In the past, geriatric patients have reported an increased sensitivity to many of this drug's side effects, particularly those relating to urination and to dizziness or disorientation.

It is not recommended for women to use this combination medicine during the first three months of pregnancy, and during the last two months, usage is strongly discouraged. Animal populations which have been studied for the effects of this medication have revealed that there is an increased occurrence of intrauterine deaths, extended gestation and labor times, and lower birth weights. There have also been developmental delays which have appeared prominently in animal studies. While there have been no controlled studies on human populations, it is not recommended to use this combination medicine at all if you are pregnant or thinking of becoming pregnant.

In that same vein, women should avoid taking this medicine if you are already pregnant and you are considering breastfeeding your infant. It is known that this medicine is passed on to nursing infants through breast milk, so it is not at all advisable to be taking this drug while breastfeeding an infant.
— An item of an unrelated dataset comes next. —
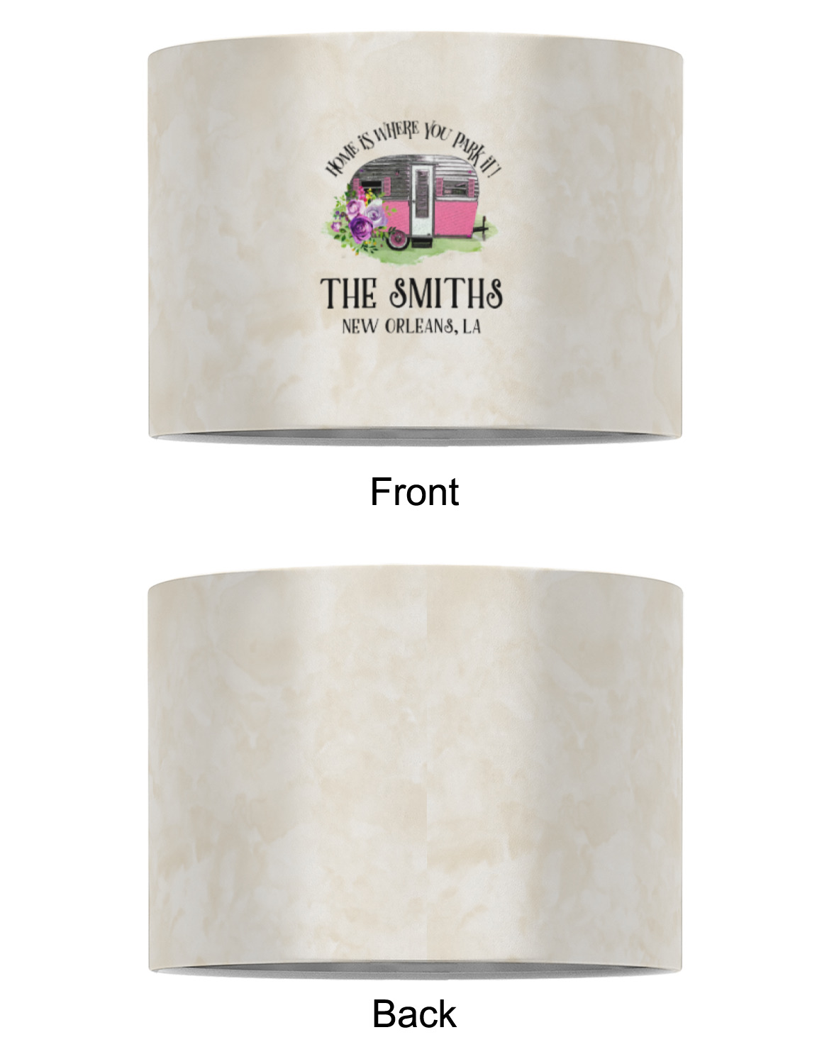 Our customized lamp shades also come in 3 different sizes: 8", 12" and 16", measuring at 8" in diameter by 6" tall, 12" in diameter by 8" tall, and 16" in diameter by 10" tall, respectively.

This medication should be stored in a location which is not subject to extremes of heat, cold, moisture, or direct lighting since all of these have the potential to degrade the medicine and diminish its usefulness. It should be kept well out of the reach of pets and small children who might be curious, and if that means storing it in a very high location, that would be ideal. To prevent unwanted access to this medicine, you should never store it in one of the weekly pill reminders which are so popular, because these do not usually come equipped with locking mechanisms which can discourage access.

When your medicine has exceeded its expiration date, you should not take it any longer, because its effectiveness will be completely unpredictable, and it may not be effective at all. If you have unused tablets of this combination medicine, you should not dispose of them by flushing them down the sink or the toilet, but should instead discard them according to proper disposal methods. Your doctor or pharmacist can advise you on proper disposal methods, and if this information is not available, you can also look it up on the FDA website for the safe disposal of medicines.


The combination medicine of hydrochlorothiazide, olmesartan and amlodipine is used in the treatment of high blood pressure, very often for patients who have not had success using other medications. Together these three deliver a very powerful effect which acts as a single process for the lowering of blood pressure. Olmesartan blocks a substance in the body which can narrow the blood vessels and cause a reduction of circulation, amlodipine is a calcium channel blocker which works to widen blood vessels and improve circulation, and hydrochlorothiazide is a diuretic which prevents the body from retaining too much fluid.

These three medications are not generally taken separately but are available in a single tablet under the commercial name of Tribenzor, to make it easy for patients to ingest all three at once. Normally only one tablet per day is needed by a patient, and the maximum effectiveness of the medicine will be achieved within two weeks of the initial ingestion.